DESCRIPTION OF THE TASK: The answer must be only the lines below from the one holding "Het perceel waarop" down to the one holding "男士全涤V领白色印花宣传短袖T恤衫,采用全涤速干面料,舒适耐穿,高性价比,前后幅高品质环保丝网印logo, 专业纸样 标准裁剪.", ends included, printed exactly; please omit all pictures.

DATA LISTING:
· · · · ·

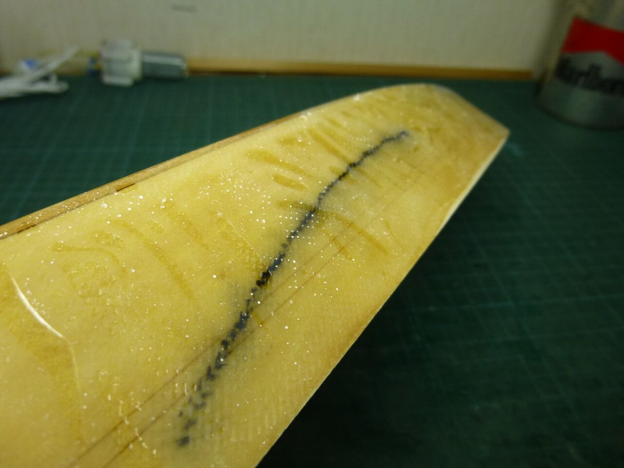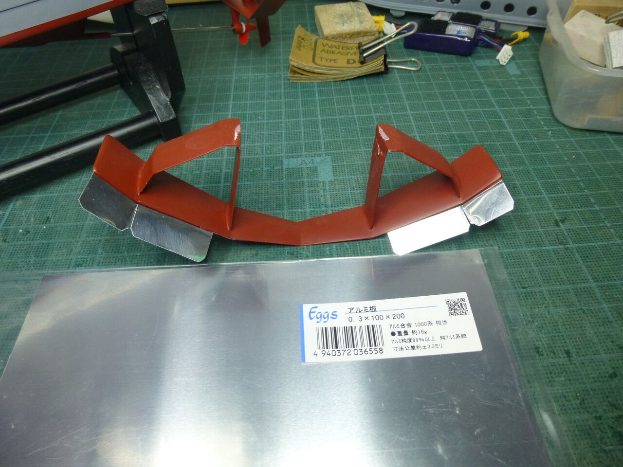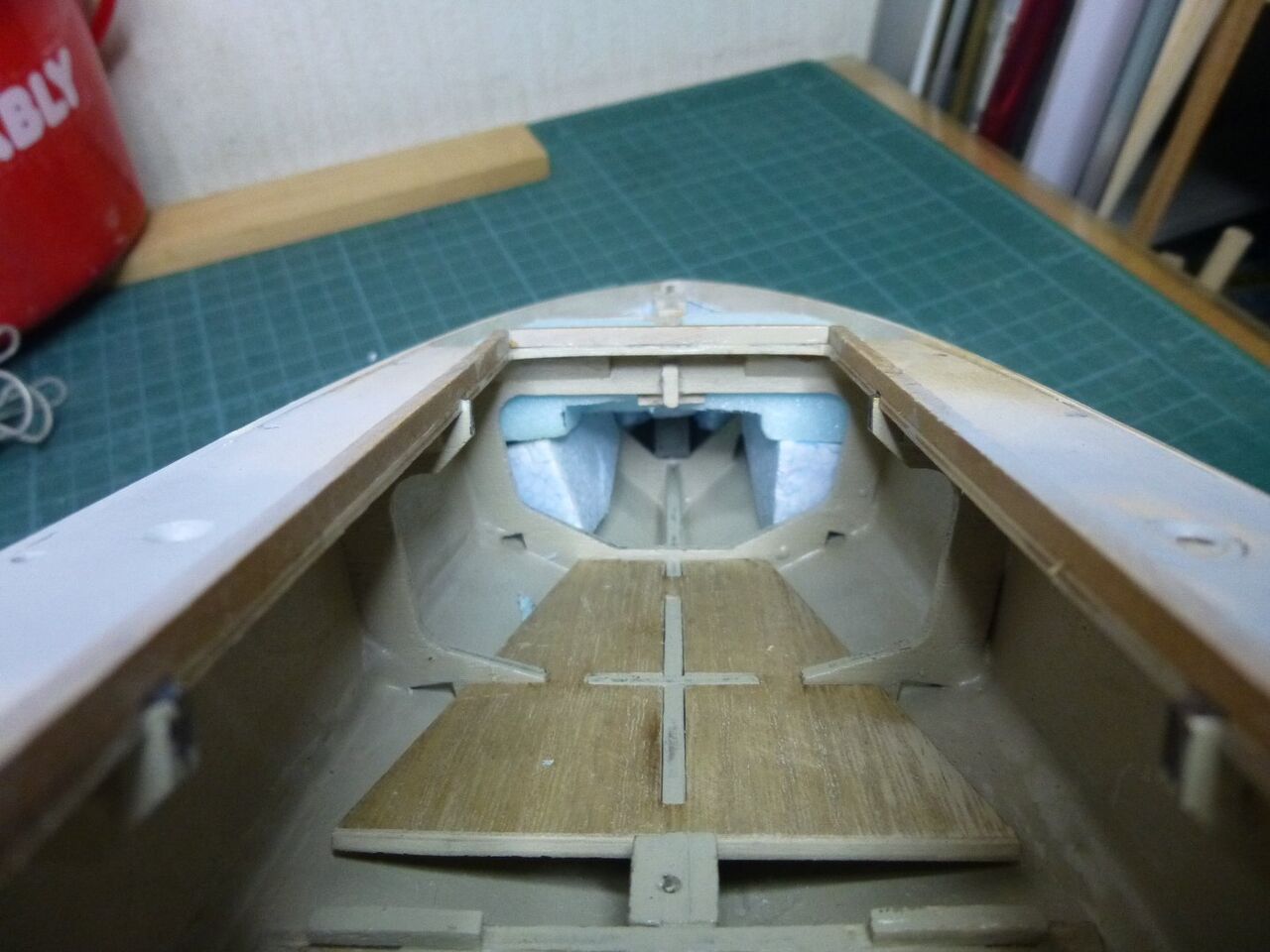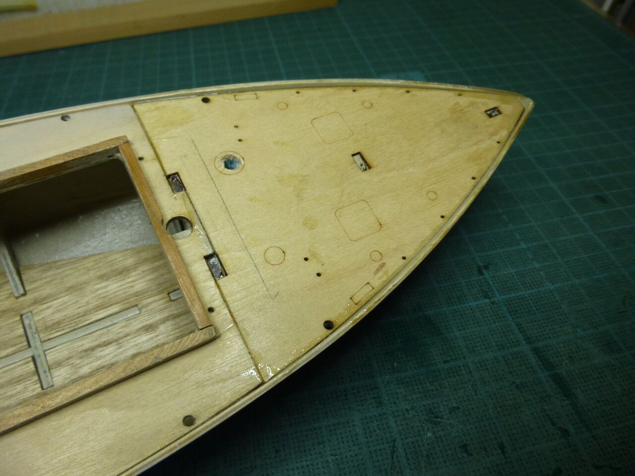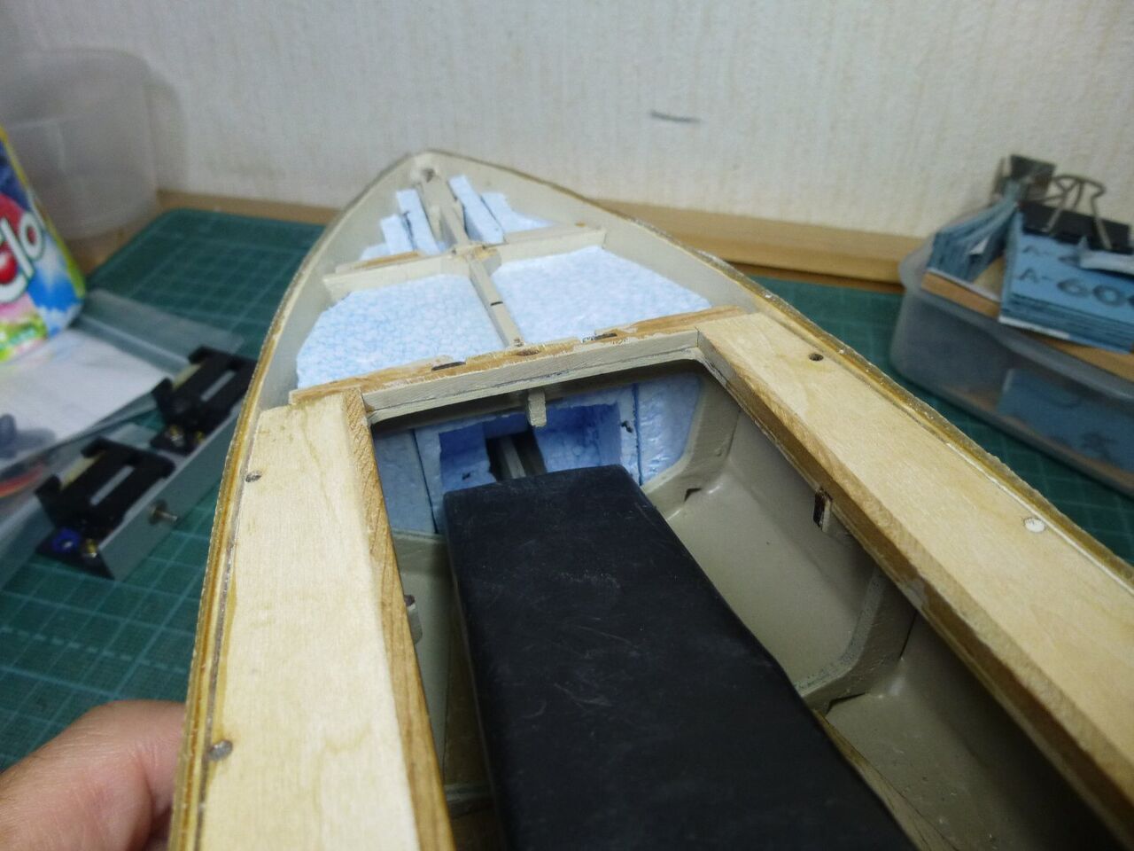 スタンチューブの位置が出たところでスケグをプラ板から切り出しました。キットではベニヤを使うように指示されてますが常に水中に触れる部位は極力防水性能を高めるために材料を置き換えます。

· · · · ·

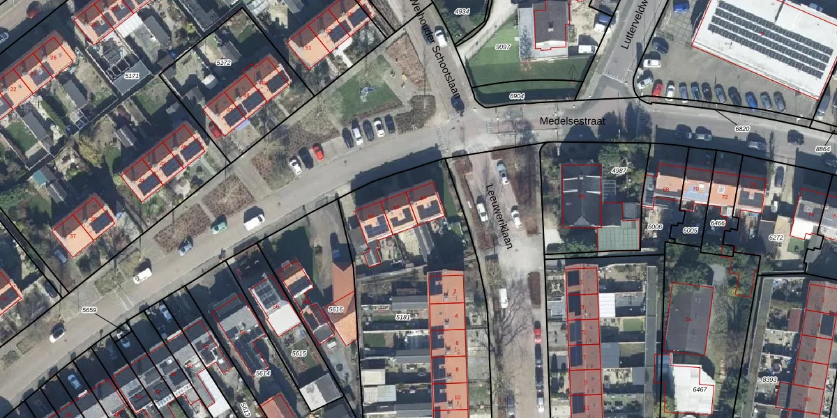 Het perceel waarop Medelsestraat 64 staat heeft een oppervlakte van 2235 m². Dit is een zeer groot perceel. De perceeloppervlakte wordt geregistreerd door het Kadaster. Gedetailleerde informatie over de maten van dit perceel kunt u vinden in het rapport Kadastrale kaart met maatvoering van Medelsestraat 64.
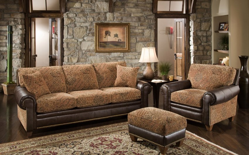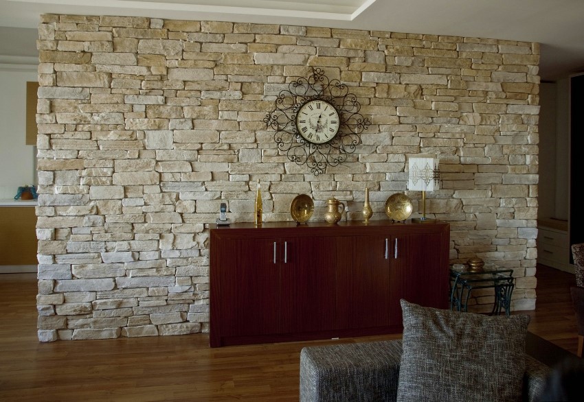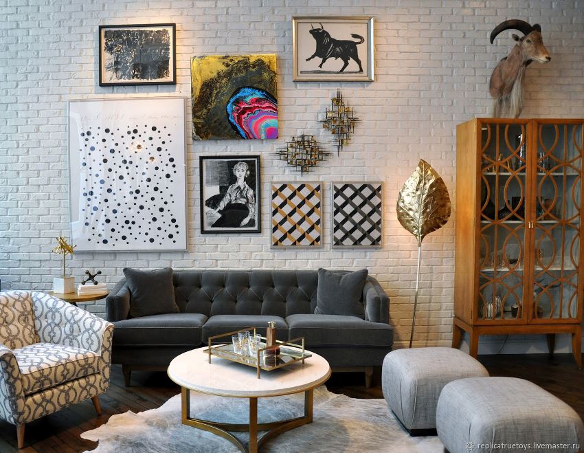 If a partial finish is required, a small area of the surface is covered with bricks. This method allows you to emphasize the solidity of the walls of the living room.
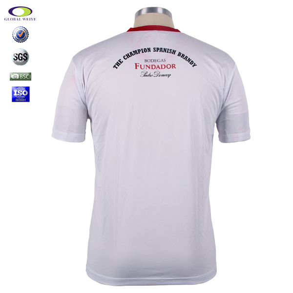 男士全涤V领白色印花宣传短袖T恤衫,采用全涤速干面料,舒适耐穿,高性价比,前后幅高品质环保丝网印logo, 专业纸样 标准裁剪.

· · · · ·

EXERCISE OUTPUT:
 Het perceel waarop Medelsestraat 64 staat heeft een oppervlakte van 2235 m². Dit is een zeer groot perceel. De perceeloppervlakte wordt geregistreerd door het Kadaster. Gedetailleerde informatie over de maten van dit perceel kunt u vinden in het rapport Kadastrale kaart met maatvoering van Medelsestraat 64.
 If a partial finish is required, a small area of the surface is covered with bricks. This method allows you to emphasize the solidity of the walls of the living room.
 男士全涤V领白色印花宣传短袖T恤衫,采用全涤速干面料,舒适耐穿,高性价比,前后幅高品质环保丝网印logo, 专业纸样 标准裁剪.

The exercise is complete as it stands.